Big data is a broad term for data sets so large or complex that traditional data processing applications are inadequate. Challenges include analysis, capture, data curation, search, sharing, storage, transfer, visualization, and information privacy - From wikipedia
Hadoop is a a framework that allows for the distributed processing of large data sets across clusters of computers using simple programming models.
There are four main modules in Hadoop.
1.Hadoop Common: The common utilities that support the other Hadoop modules.
2.Hadoop Distributed File System (HDFS™): A distributed file system that provides high-throughput access to application data.
3.Hadoop YARN: A framework for job scheduling and cluster resource management.

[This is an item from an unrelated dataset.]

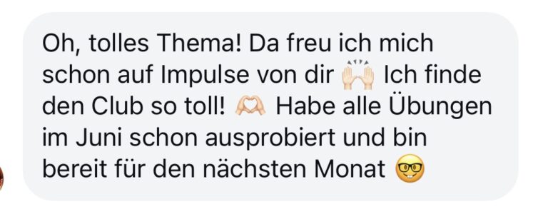Außerdem motiviert dich die Community, die monatlichen Live-Sessions und kleine Impulse – so bleibst du Schritt für Schritt dabei, ohne dich überfordert zu fühlen.

4.Hadoop MapReduce: A YARN-based system for parallel processing of large data sets.
Before going further, Let's note that we have three different types of data.

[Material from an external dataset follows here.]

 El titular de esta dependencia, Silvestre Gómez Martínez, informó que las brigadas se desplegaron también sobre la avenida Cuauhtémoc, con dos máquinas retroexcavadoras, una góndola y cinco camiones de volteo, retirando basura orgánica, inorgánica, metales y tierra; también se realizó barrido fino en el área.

Structured : Structured data has strong schema and schema will be checked during write & read operation. e.g. Data in RDBMS systems like Oracle, MySQL Server etc.

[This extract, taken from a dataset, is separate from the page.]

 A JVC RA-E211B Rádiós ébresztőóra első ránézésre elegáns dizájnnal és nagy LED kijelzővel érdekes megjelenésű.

Unstructured: Data does not have any structure and it can be any form - Web server logs, E-Mail, Images etc.
Semi-structured: Data is not strictly structured but have some structure. e.g. XML files
Depending on type of data to be processed, we have to choose right technology.
Some more projects, which are part of Hadoop
HBase™: A scalable, distributed database that supports structured data storage for large tables.
Hive™: A data warehouse infrastructure that provides data summarization and ad hoc querying.
Pig™: A high-level data-flow language and execution framework for parallel computation
Hive Vs PIG comparison can be found at my other post in this question
HBASE won't replace Map Reduce. HBase is scalable distributed database & Map Reduce is programming model for distributed processing of data. Map Reduce may act on data in HBASE in processing.
You can use HIVE/HBASE for structured/semi-structured data and process it with Hadoop Map Reduce
You can use SQOOP to import structured data from traditional RDBMS database Oracle, SQL Server etc and process it with Hadoop Map Reduce
You can use FLUME for processing Un-structured data and process with Hadoop Map Reduce
Have a look at: Hadoop Use Cases
Hive should be used for analytical querying of data collected over a period of time. e.g Calculate trends , summarize website logs but it can't be used for real time queries.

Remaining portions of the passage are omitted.